Thüringer Bach Collegium
82:22
audite 97.770

These four suites by Johann Sebastian’s second cousin and near contemporary display his skill and invention. Cast in the form of suites with a series of dances, some movements feel more like concerti so close are they to the Italian and French models current in the cultured courts of the principalities of central Europe, where French cuisine and dress and Italian music were known.

From 1703, Johann Bernhard held the post of organist in Eisenach till his death in 1749, overlapping between 1708 and 1712 with Telemann. He was also harpsichordist to the admired court orchestra of Duke Johann Wilhelm of Sachsen-Eisenach.

J. S. Bach had copied out at least three of these suites for the Collegium in Leipzig, and it is because of this set of parts that Johann Bernhard’s music survives. The two Bachs were cross godparents to each other’s children, and Johann Bernhard’s ease with the French as well as the Italian style gives us an interesting glimpse of the cosmopolitan nature of this small Saxon court.

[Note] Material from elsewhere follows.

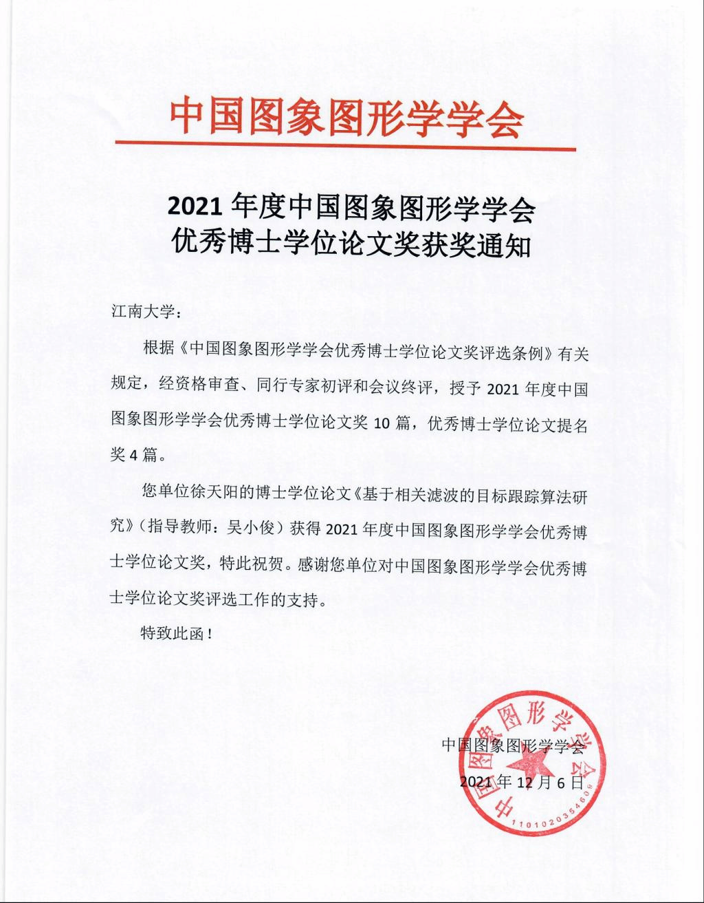 人工智能,作为社会发展的驱动力,已经进入到我们生活以及军事领域的各个方面。在近期,我校在人工智能领域中获得了多项奖励。近日,我校人工智能科研团队又获重要科研成果奖励。吴小俊教授指导的博士学位论文《基于相关滤波的目标跟踪算法研究》荣获了2021年度中国图象图形学学会(CSIG)优秀博士学位论文奖(徐天阳,吴小俊)。该奖项在全国范围内仅有十篇论文入选,参加竞选的学位论文大多来自国内的知名高校,这也是98堂

The competent players of the Thüringer Bach Collegium use single strings plus the director, Gernot Süßmuth’s solo violin and muster two oboes, a taille and fagotto, and one is heard playing recorder and traverso.

The performances are snappy, and sometimes a little rustic – some slapping of the instruments from time to time; but the major and in the end irritating fault is that the kontrabass is either miked far too closely or else just plays insensitively. With single strings, I would have been quite content with a violone or bass violin at 8’ pitch, but a substantial double bass thumping away – frequently joined by the harpsichordist’s lute stop – is an error of judgment and doesn’t blend with the rest of the band as it should.

The music was recorded in the Georgenkirche in Eisenach and from the photo in the booklet the players were standing just east of the font in which JSB was baptised. The essay (in German and then in English) on where this music fits into the high Baroque in Saxony is admirably informative. But there is no information on instruments or temperament, which would have been a plus. The ensemble has already recorded concerti by Prinz Johann Ernst von Sachsen-Weimar on the same label, and is clearly performing a notable service in making this kind of court music available to a modern audience.

The music is novel, fills a gap in our understanding of court life in the early 18th century and is tuneful as well as original. If you can bear the kontrabass, you will enjoy this music.